Finally, a handful of recent studies have assessed individual differences in working memory, or related measures of executive 
function (see Unsworth and Redick, this volume), to see whether high and low working memory subjects benefit differently 
from retrieval practice. At the moment, the literature has produced a mixed set of results. Some studies have found that low working 
memory subjects benefit more from retrieval practice than high working memory subjects do (Agarwal et al., 2016). Other studies 
have found the opposite pattern, where high working memory subjects benefit more than low working memory subjects do (Tse 
and Pu, 2012). Still other studies have found no relationship between working memory and retrieval practice (Brewer and 
Unsworth, 2012; Chan, 2009; Pan et al., 2015; Wiklund-Hornqvist et al., 2014). Brewer and Unsworth (2012) found that measures 
of working memory and attentional control were not related to the benefits of retrieval practice, but a separate measure of episodic 
memory ability was related, with low episodic memory subjects exhibiting larger retrieval practice effects. However, Pan et al. 
(2015) used the same measures and found no relationship between working memory and retrieval practice. 
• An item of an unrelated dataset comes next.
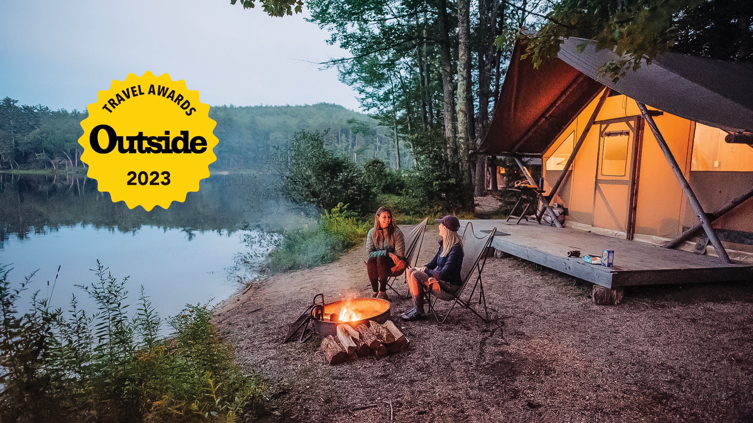 At this outpost in the White Mountains, fully furnished canvas tents are scattered throughout a 50-acre forest, complete with its own 68-acre lake and heated saltwater pool. Huttopia also offers a gathering area with fire pits, tables, chairs, and flatbread pizza served from a retro Airstream. Each tent has its own kitchen, bathroom, deck, fire pit, and electricity, or you can upgrade to a tiny home or chalet. Either way you’ll be able to swim, paddle, or fish Huttopia’s Iona Lake during the day and enjoy live performances by magicians and acoustic artists at night. The resort goes out of its way to welcome kids, with organized activities like treasure hunts and craft time. Venture off-site to hike 6,288-foot Mount Washington, tube the lazy Saco River, or pedal the 35-mile Kancamagus Scenic Byway, which curves through the heart of White Mountain National Forest. And it’s all just two and a half hours from Boston. From $88 —Graham Averill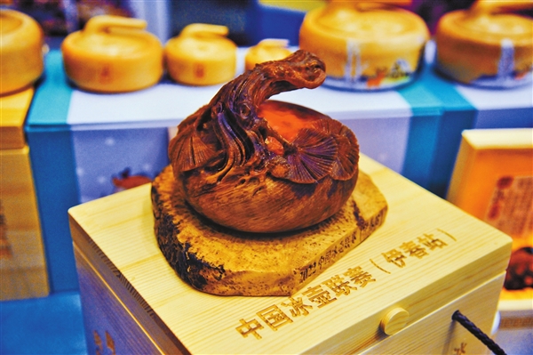 此次,美江木藝有限責(zé)任公司共展出了100余件產(chǎn)品,其中,最引人注目的瑞虎冰壺,由美江木藝公司為2022中國冰壺聯(lián)賽(伊春站)主題創(chuàng)作,最大直徑1.8米,總高度1.6米。主體壺身采用2022個(gè)小興安嶺山核桃做原料,壺蓋部分采用小興安嶺珍貴樹種紅松。作品構(gòu)思巧妙、用材獨(dú)特,既契合本次冰壺聯(lián)賽內(nèi)容,又充分體現(xiàn)了林都伊春、冰壺之鄉(xiāng)的地域特征。構(gòu)成壺身的2022個(gè)山核桃,寓意著2022年河山錦繡的小興安嶺,構(gòu)成壺蓋的興安紅松,蘊(yùn)含著華夏文明“鴻運(yùn)當(dāng)頭”的美好期許。此藝術(shù)品既體現(xiàn)伊春的森林文化藝術(shù)與競技體育相融合的發(fā)展理念,也展現(xiàn)了伊春的冰雪經(jīng)濟(jì)和木藝創(chuàng)意設(shè)計(jì)產(chǎn)業(yè)的發(fā)展成果。

A persistent issue in research on individual differences in retrieval practice is that high and low ability subjects (e.g., high vs. low 
working memory subjects) tend to differ in the amount of material they recall during initial retrieval practice tasks. Differences in 
initial retrieval success across conditions clouds interpretation of final test performance (see Balancing Retrieval Success and 
Retrieval Effort for elaboration). Given the disparate set of findings in the existing literature, more work is warranted to clarify 
the relationship between working memory or executive function and retrieval-based learning. 


2.27.6.2 Materials 


Research over the past decade has successfully generalized the benefits of retrieval practice across a range of materials. Several exam- 
ples provided so far in this chapter have reflected the array of materials used in retrieval practice research. Most research continues to 
use verbal materials—lists of words, word pairs, vocabulary words, facts, key term definitions, and educational texts. Retrieval prac- 
tice has also been studied in experiments with visual materials like lists of pictures (Wheeler and Roediger, 1992), pairs of faces and 
names (Tse et al., 2010), and educational materials such as videos and multimedia presentations (Butler and Roediger, 2007; 
Johnson and Mayer, 2009). This section describes research with nonverbal materials and then provides a brief look at research 
with educational texts.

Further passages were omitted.